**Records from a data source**
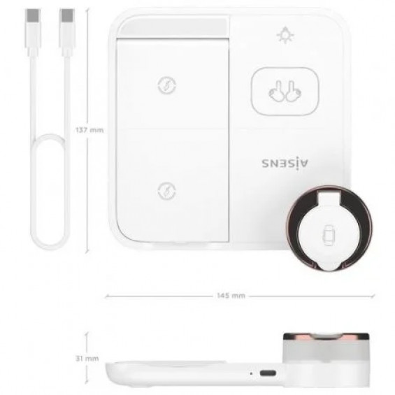 AISENS® – Cargador inalámbrico USB-C 4 en 1 de 15W para Móvil, Apple Watch, Auriculares con Estuche de Carga, Blanco
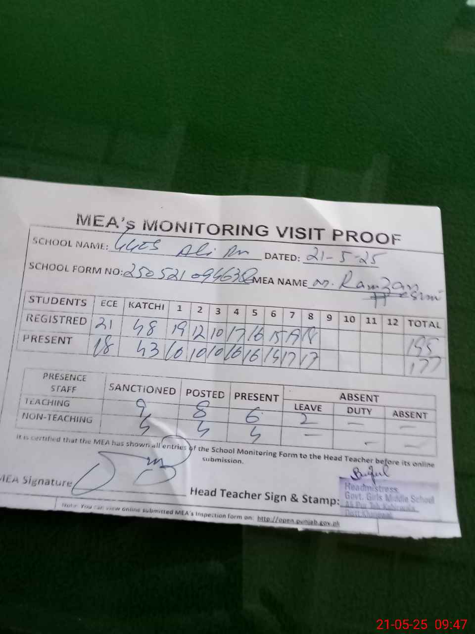 | Attendance Register | Head Teacher | MEA with School | Visit Proof |
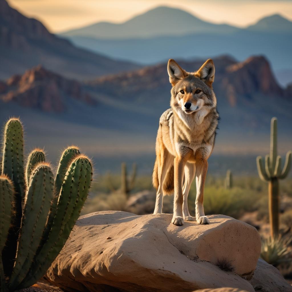在这幅作品中,我们看到一只郊狼静静地站立在沙漠环境中的岩石上,背景中稀疏的仙人掌和荒凉的地貌诉说着这片土地的严酷和生命的顽强。摄影师通过精心的构图和自然的色调捕捉到了这种野性与孤独的交织。郊狼的姿态显得沉稳而自信,仿佛是这片土地的守护者。
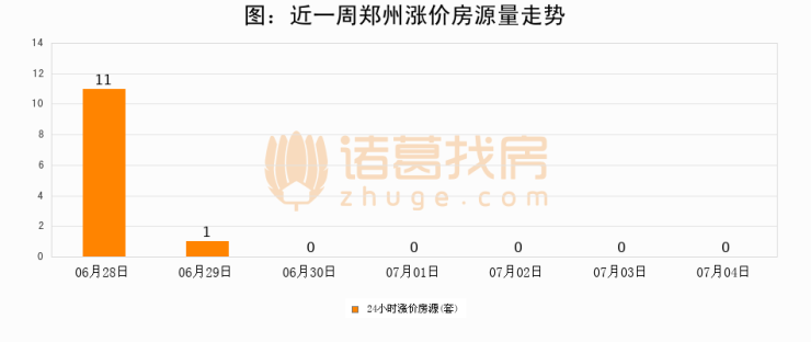 根据诸葛找房数据显示,郑州24小时涨价房源量为0套,较07月03日持平。
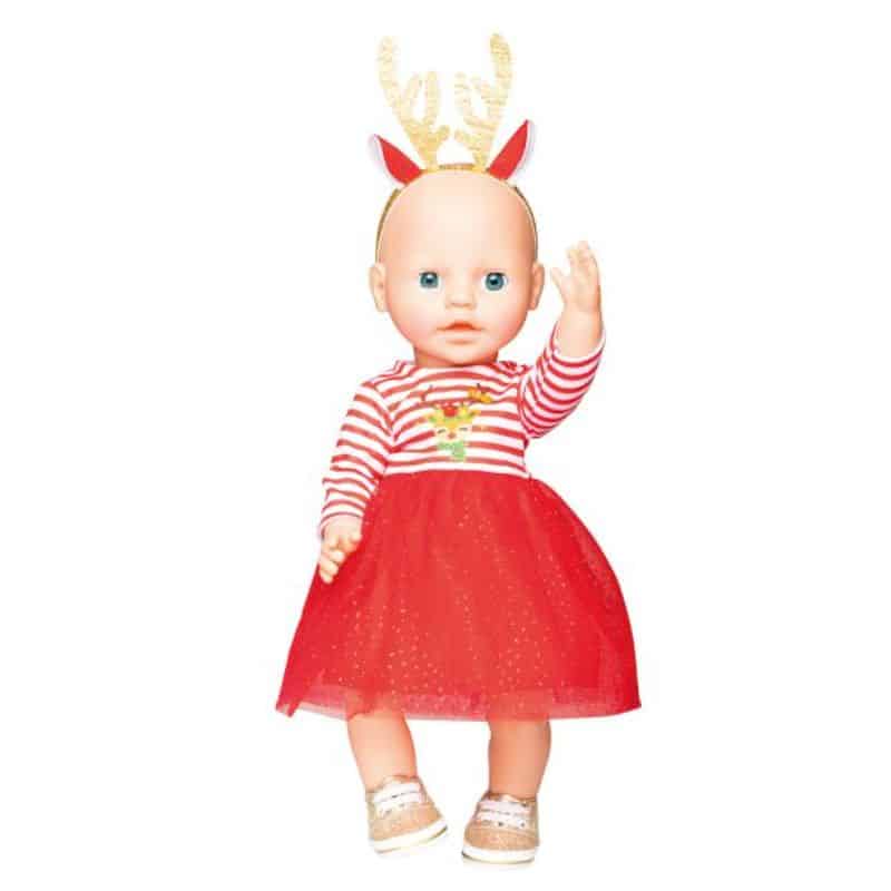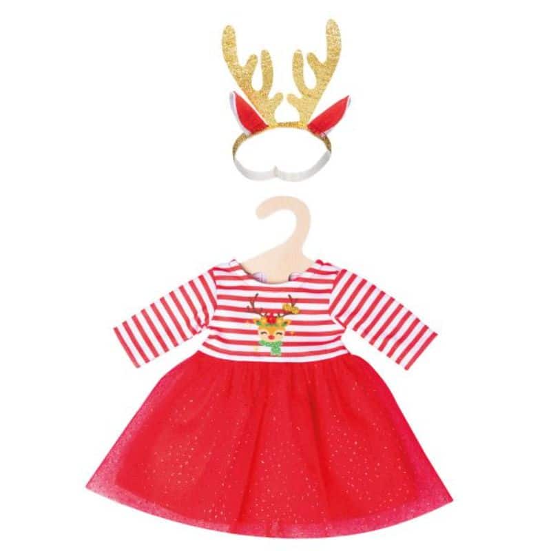 Kaunis nuken juhlamekko, jossa on puna-valkoraidallinen yläosa ja jota koristaa suloinen poro, jolla on kukka ja resetti päässään. Mekon hame on monikerroksinen ja sen verkko-osaa kaunistaa punaiset glitteriset pisteet. Asun kruunaa poropanta, jossa on kultaiset sarvet ja punaiset korvat, ja jonka saa helposti nuken päähän siinä olevan kuminauhan ansioista. Tämä asukokonaisuus on ehdoton katseenvangitsija jouluna ja muissa juhlissa!
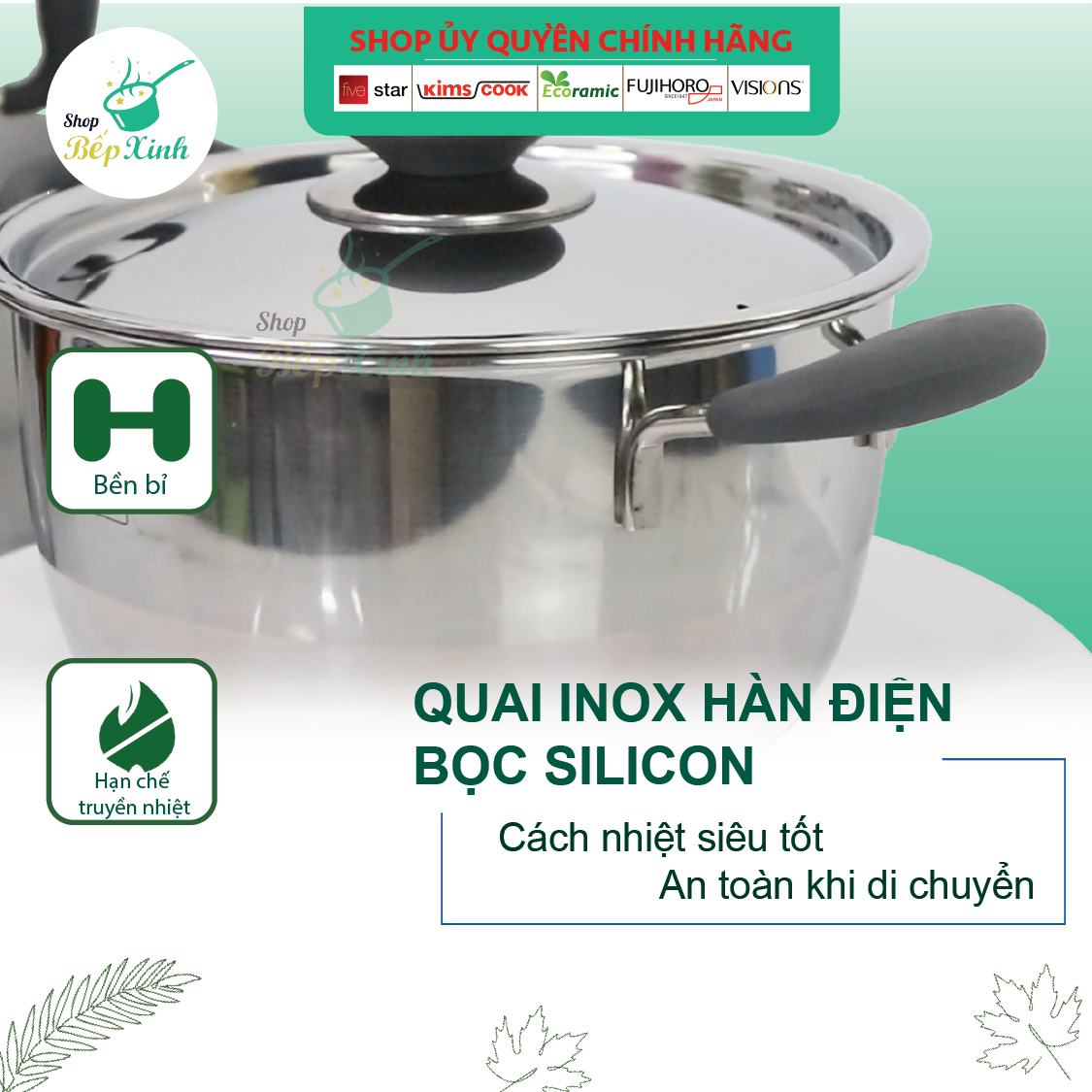 Bộ nồi gồm có : +1 Nồi Fivestar đường kính 16cm, chiều cao 9cm + nắp inox quai silicon + 1 Nồi Fivestar đường kính 20cm, chiều cao 12cm + nắp inox quai silicon +
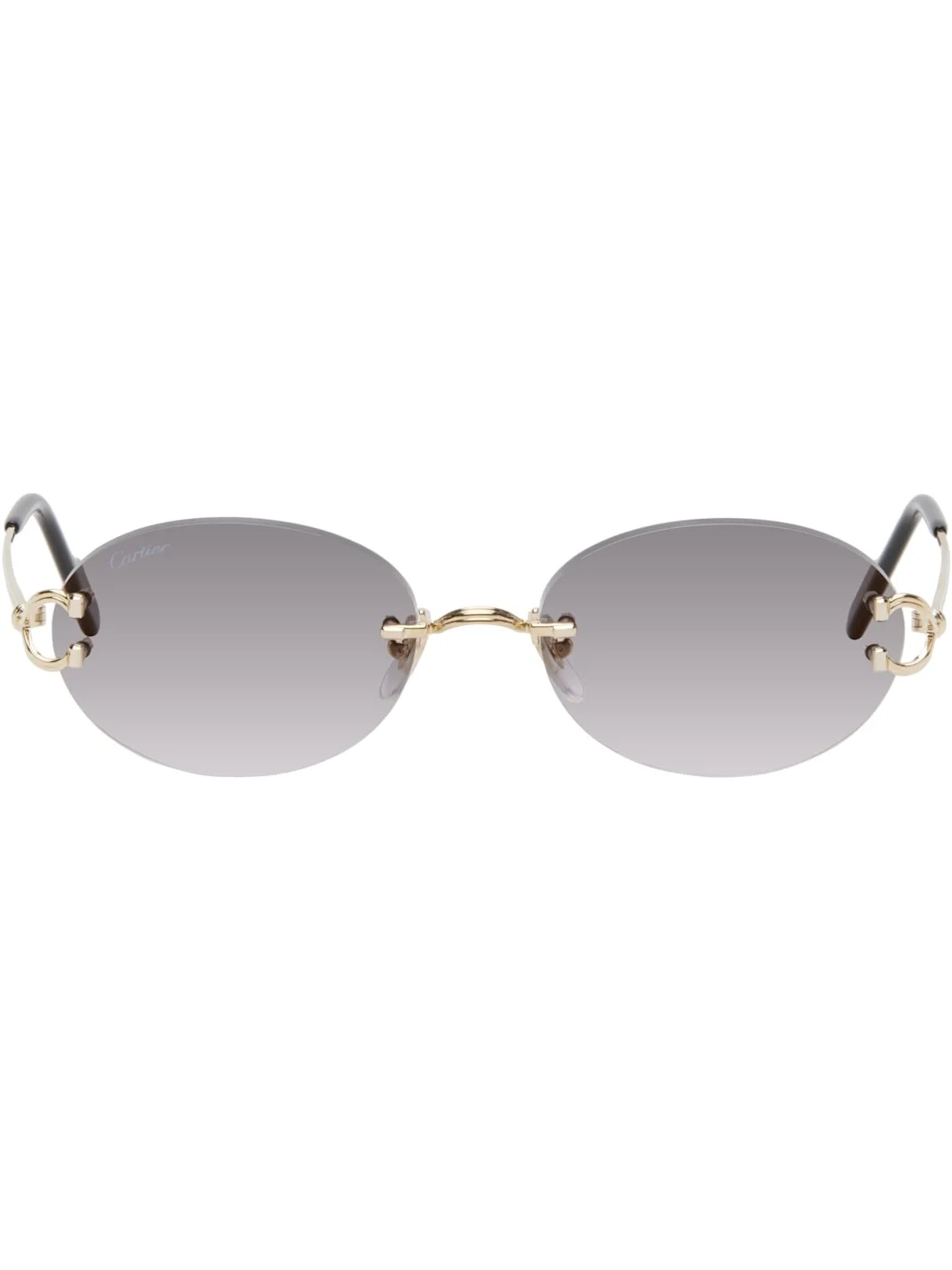 Round rimless metal-frame sunglasses in gold tone. · Gray gradient lenses · 100% UVA/UVB protection, category 2 · Logo etched at lens · Integrated nose pads · Logo hardware at hinges · Logo plaque at black acetate temple tips · Includes case · Size: 55.18 140 Part of the Decor C de Cartier collection. Supplier color: Gold Metal, acetate. Made in France 252346F005002

**What is needed**
Leave out the pictures and print every line of the data exactly.

**Task response**
 AISENS® – Cargador inalámbrico USB-C 4 en 1 de 15W para Móvil, Apple Watch, Auriculares con Estuche de Carga, Blanco
 | Attendance Register | Head Teacher | MEA with School | Visit Proof |
在这幅作品中,我们看到一只郊狼静静地站立在沙漠环境中的岩石上,背景中稀疏的仙人掌和荒凉的地貌诉说着这片土地的严酷和生命的顽强。摄影师通过精心的构图和自然的色调捕捉到了这种野性与孤独的交织。郊狼的姿态显得沉稳而自信,仿佛是这片土地的守护者。
 根据诸葛找房数据显示,郑州24小时涨价房源量为0套,较07月03日持平。
 Kaunis nuken juhlamekko, jossa on puna-valkoraidallinen yläosa ja jota koristaa suloinen poro, jolla on kukka ja resetti päässään. Mekon hame on monikerroksinen ja sen verkko-osaa kaunistaa punaiset glitteriset pisteet. Asun kruunaa poropanta, jossa on kultaiset sarvet ja punaiset korvat, ja jonka saa helposti nuken päähän siinä olevan kuminauhan ansioista. Tämä asukokonaisuus on ehdoton katseenvangitsija jouluna ja muissa juhlissa!
 Bộ nồi gồm có : +1 Nồi Fivestar đường kính 16cm, chiều cao 9cm + nắp inox quai silicon + 1 Nồi Fivestar đường kính 20cm, chiều cao 12cm + nắp inox quai silicon +
 Round rimless metal-frame sunglasses in gold tone. · Gray gradient lenses · 100% UVA/UVB protection, category 2 · Logo etched at lens · Integrated nose pads · Logo hardware at hinges · Logo plaque at black acetate temple tips · Includes case · Size: 55.18 140 Part of the Decor C de Cartier collection. Supplier color: Gold Metal, acetate. Made in France 252346F005002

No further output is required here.